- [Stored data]
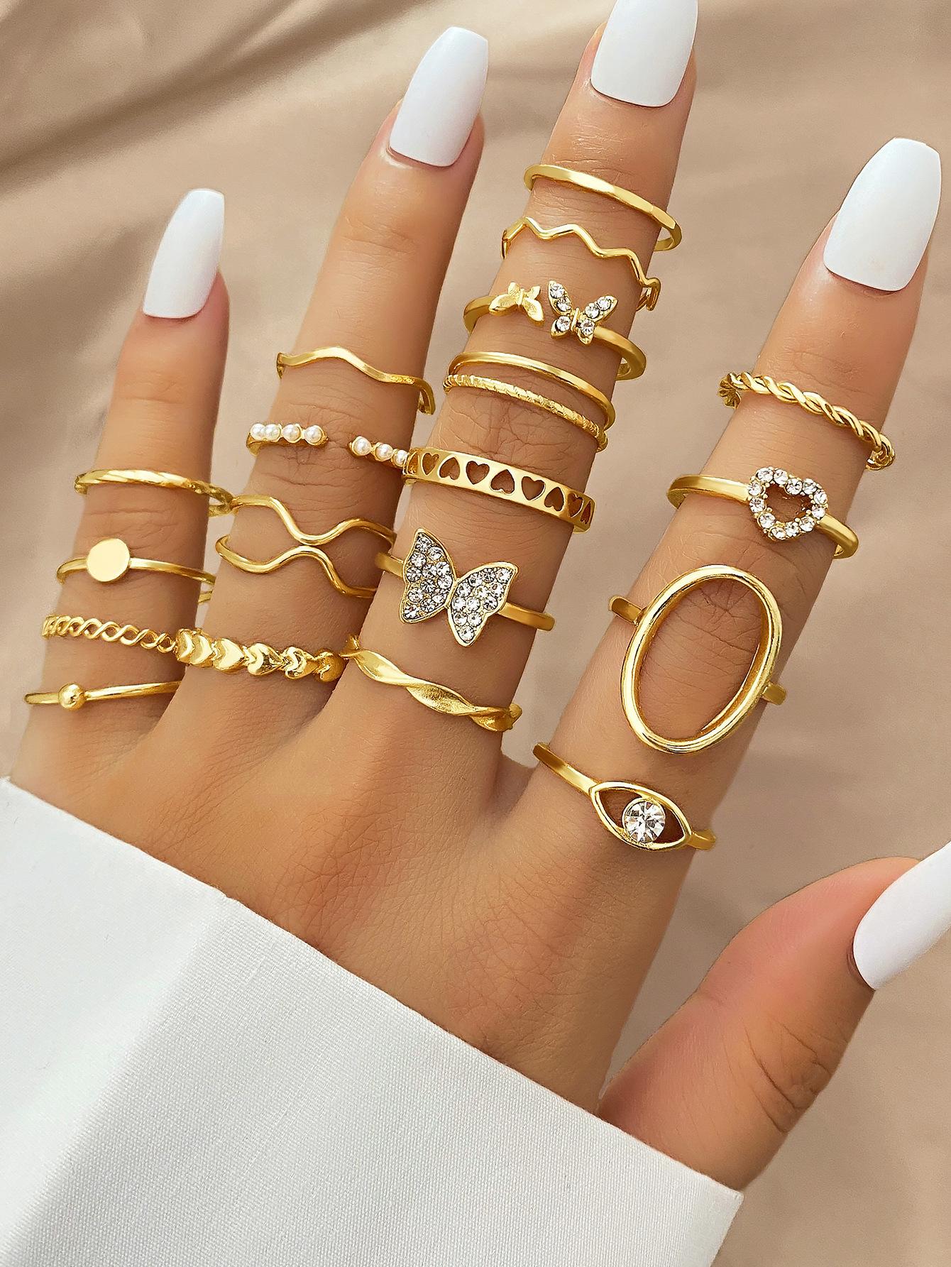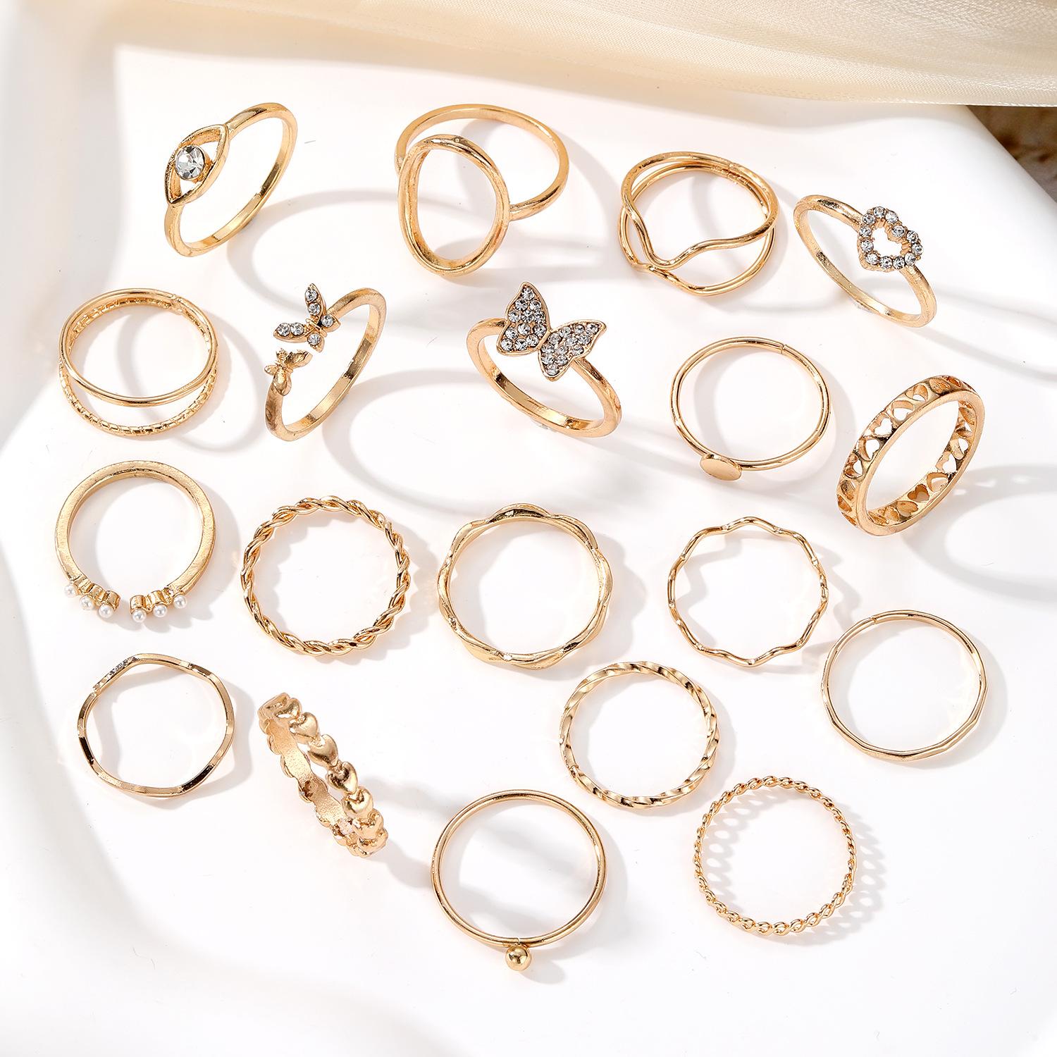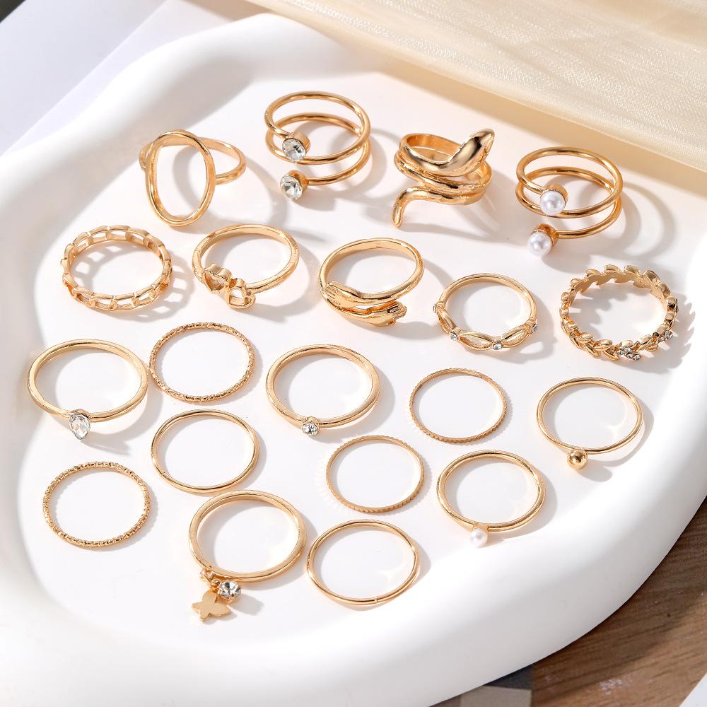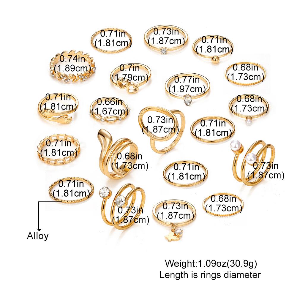 Europa y Estados Unidos amor mariposa caliente transfronterizo perla trigo serpiente diamante anillo de apertura traje anillo multiarticulado al por mayor
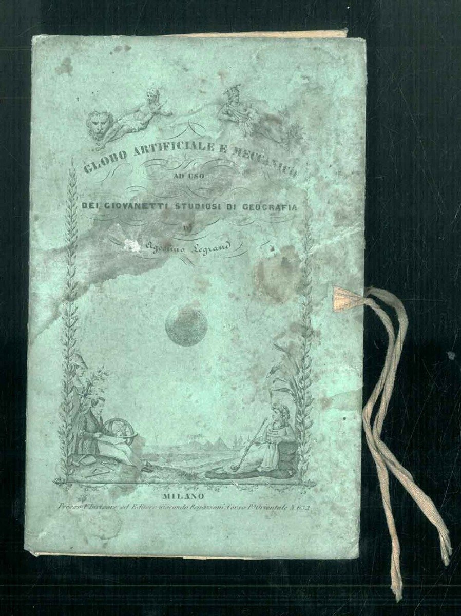 <p>19 cm, cartella editoriale completamente illustrata, chiusura con nastri, un cartoncino esplicativo inciso fronte retro a colori acquarellati, un globo ripiegato a 6 spicchi di carte geografiche colorate a mano legati da cordoncini con fermagli. Il cartoncino illustrato riporta sulle due facciate il "Meccanismo del Gllobo artificiale" e lo "Zodiaco ecclittico". Prima e quarta copertina illustrate da raffinate incisioni, alla prima cop. titolo in grande cornice allegorica con diverse figure, all'ultima cop. la raffigurazione dello zodiaco ed alcune note esplicative "L'oggetto di questo piccolo meccanismo è di presentare, come un trastullo, la cognizione e la forma della Terra, e di dare una piena idea della sua divisione fisica e politica." ; "Nota: Il Globo s'arrotonda disponendo in giro i foglietti, poi si riuniscono alto e basso facendo scorrere i fermagli sui cordoncini; il globo così disposto." Il Globo è perfettamente conservato, tracce d'uso ed aloni alla prima copertina, esemplare privo dell'opuscolo di 16 pagine segnalato dai repertori. Rara prima edizione italiana del globo meccanico di Legrand che non riporta l'anno di stampa a differenza delle edizioni successive.</p>
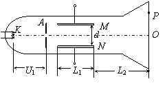 1.(选做8分)如图所示为一真空示波管,电子从灯丝K发出(初速度不计),经灯丝与A板间的加速电压U1加速,从A板的中心孔沿中心线KO射出,然后进入两块平行金属板M、N形成的偏转
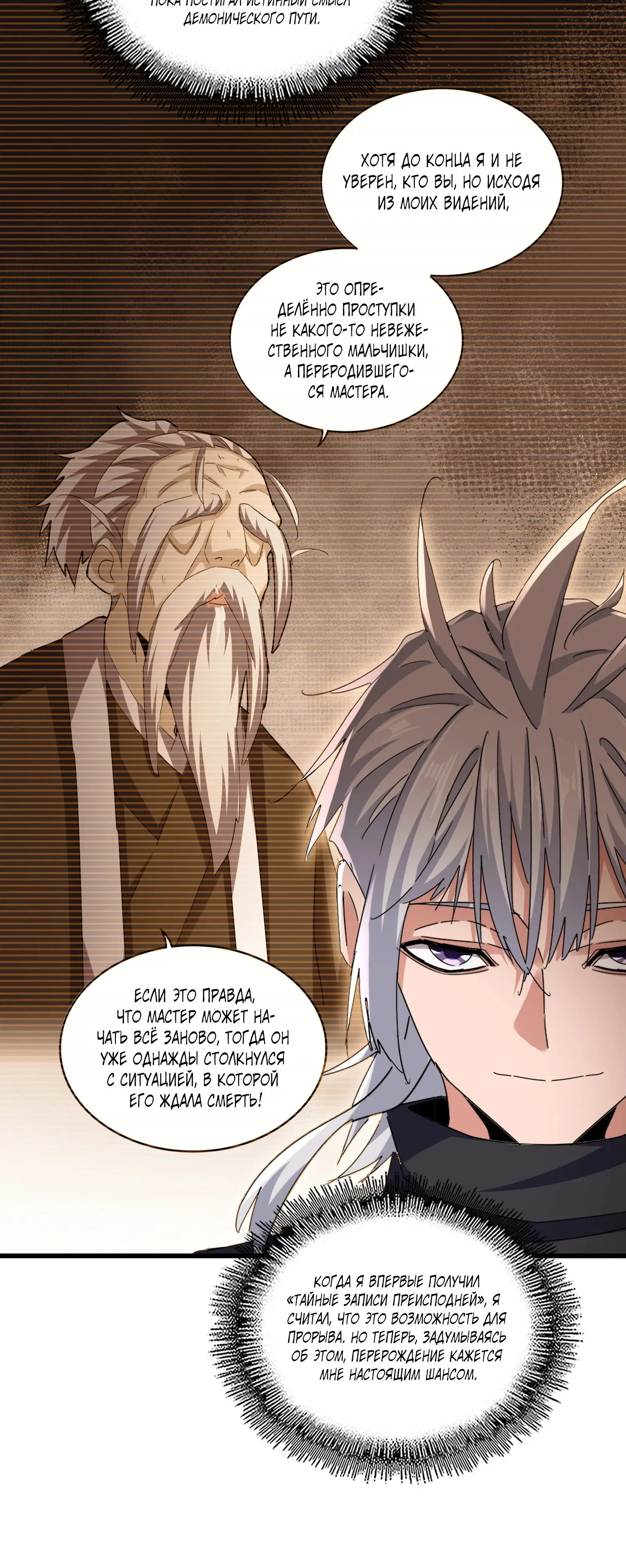 Вот и развитие Чжо Фаня в плане личностного роста и альтруизма. Каждому человеку свойственно меняться. В лучшую или в худшую сторону – всё зависит от самого человека и его внутреннего сердца. Теперь Чжо Фань постигает человечности и не будет таким жестоким, как раньше из-за внутренних демонов, но также не стоит забывать, что он преследует свои цели, поэтому естественно будет манипулировать людей и проявлять жестокость, когда нужно и где нужно. Но, эти манипуляции и жестокие обращения будут иными, нежели раньше, что мне очень нравиться. Автор хорошо поработал.
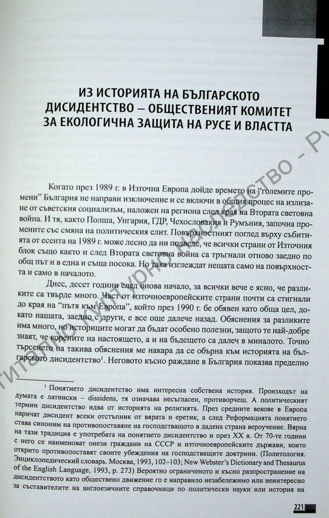 | Заглавие | Из историята на българското дисидентство – Общественият комитет за екологична защита на Русе и властта |
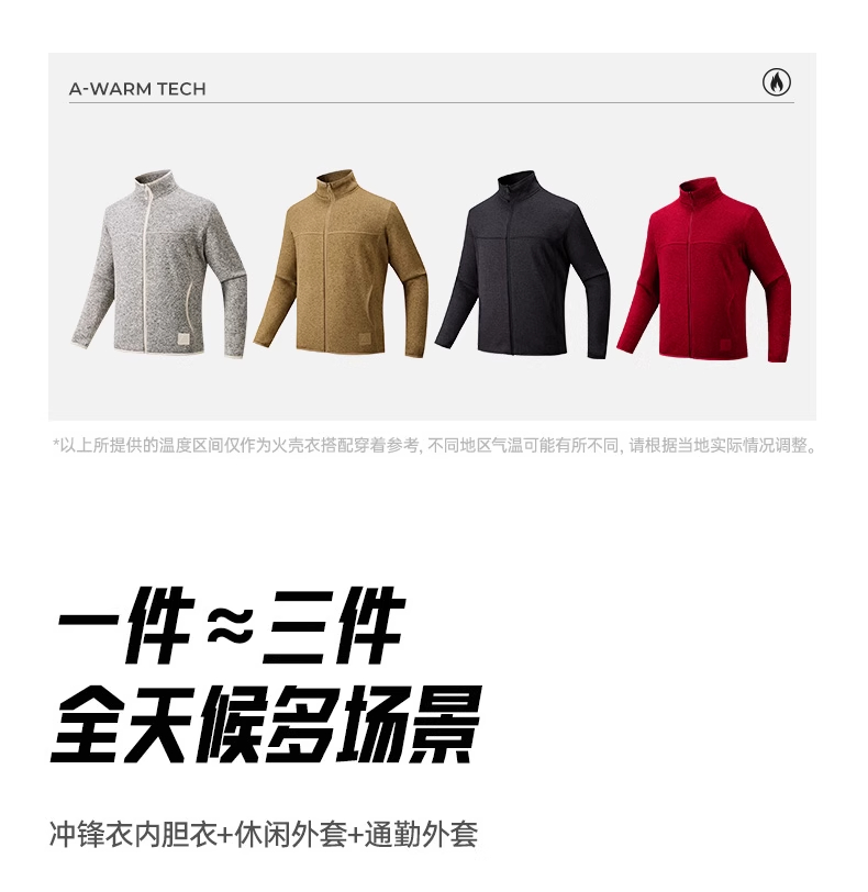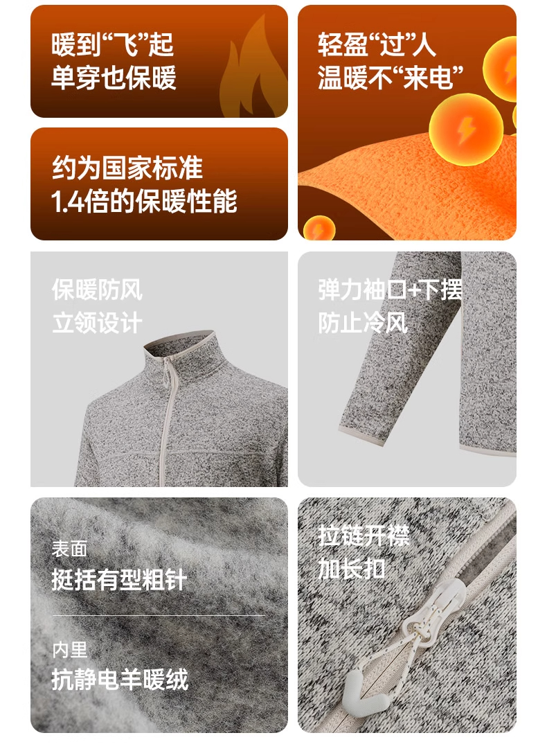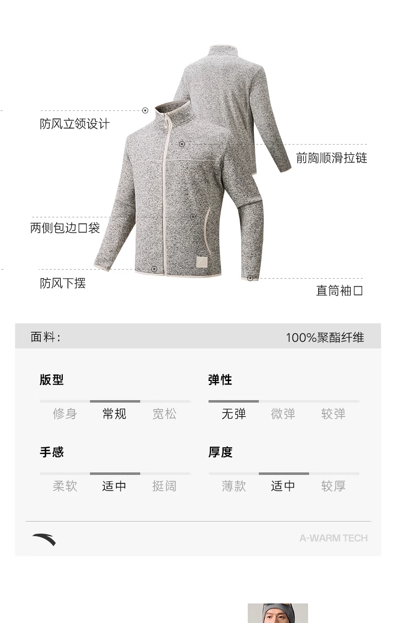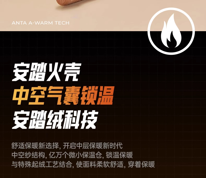 Anta Fire Shell 3.0 Anti-Static Thick Fleece Jacket for Men, Warm 2025 Autumn/Winter New Style Inner Stand Collar Coat

- [Work instruction] Could you repeat exactly the lines from the one containing "Вот и развитие" through the last line of the records, both included, without the pictures?

- [The completed task]
 Вот и развитие Чжо Фаня в плане личностного роста и альтруизма. Каждому человеку свойственно меняться. В лучшую или в худшую сторону – всё зависит от самого человека и его внутреннего сердца. Теперь Чжо Фань постигает человечности и не будет таким жестоким, как раньше из-за внутренних демонов, но также не стоит забывать, что он преследует свои цели, поэтому естественно будет манипулировать людей и проявлять жестокость, когда нужно и где нужно. Но, эти манипуляции и жестокие обращения будут иными, нежели раньше, что мне очень нравиться. Автор хорошо поработал.
 | Заглавие | Из историята на българското дисидентство – Общественият комитет за екологична защита на Русе и властта |
 Anta Fire Shell 3.0 Anti-Static Thick Fleece Jacket for Men, Warm 2025 Autumn/Winter New Style Inner Stand Collar Coat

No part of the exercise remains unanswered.